'''

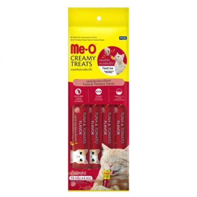 Enjoy Me-O's indulgent Cat Creamy Treats! Made with real tuna and flavorful tomato, this 60gm snack is a tasty and nutritious treat for your feline friend. With a high protein content, your cat will love the creamy texture and you'll love knowing they're getting a balanced, healthy snack.
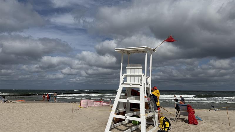 Czerwone flagi na kąpieliskach oznaczające m.in. wysokie fale i silne prądy wsteczne, nie odstraszają plażowiczów przed kąpielami w Bałtyku.
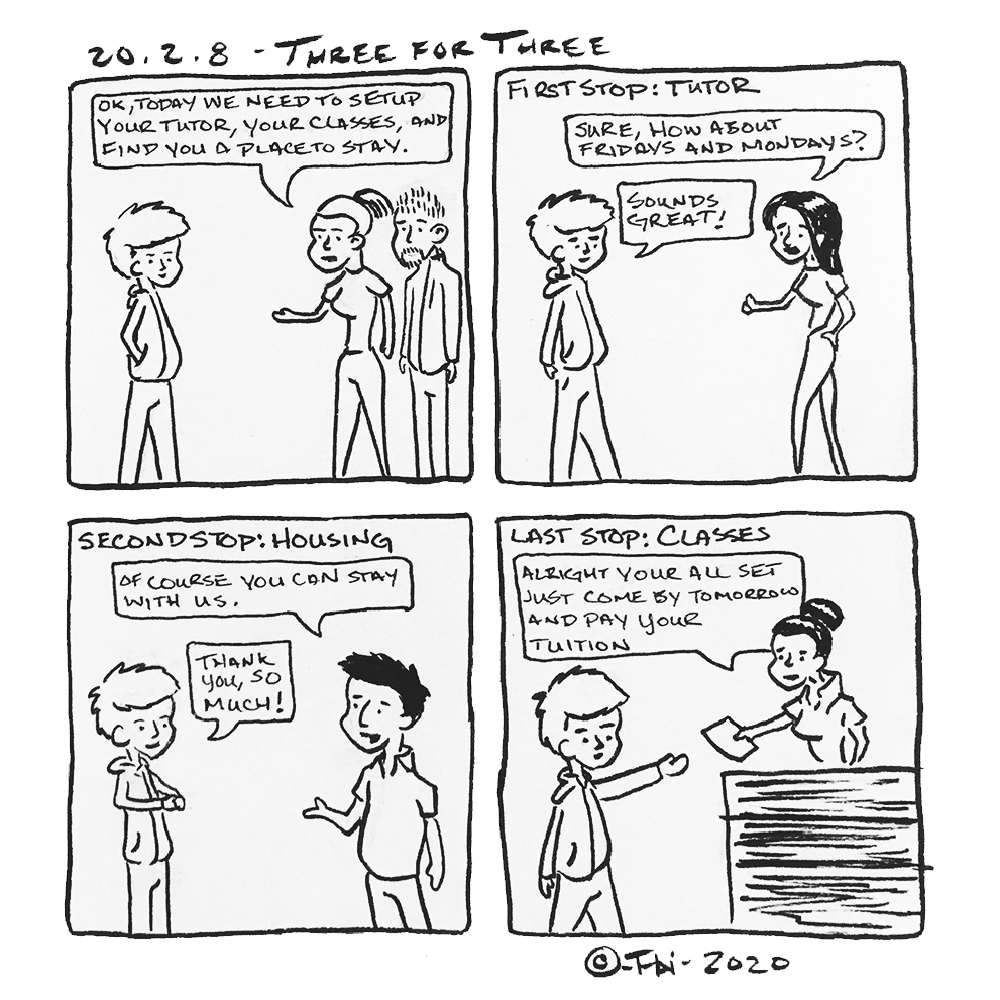 Starting at the beginning of 2020, I decided to capture some moment, event, or circumstance from each day in a four panel comic for 30 days.

'''

Work to complete: Every line above must appear in the answer unchanged, and no picture may appear in it.

Task solution:
 Enjoy Me-O's indulgent Cat Creamy Treats! Made with real tuna and flavorful tomato, this 60gm snack is a tasty and nutritious treat for your feline friend. With a high protein content, your cat will love the creamy texture and you'll love knowing they're getting a balanced, healthy snack.
 Czerwone flagi na kąpieliskach oznaczające m.in. wysokie fale i silne prądy wsteczne, nie odstraszają plażowiczów przed kąpielami w Bałtyku.
 Starting at the beginning of 2020, I decided to capture some moment, event, or circumstance from each day in a four panel comic for 30 days.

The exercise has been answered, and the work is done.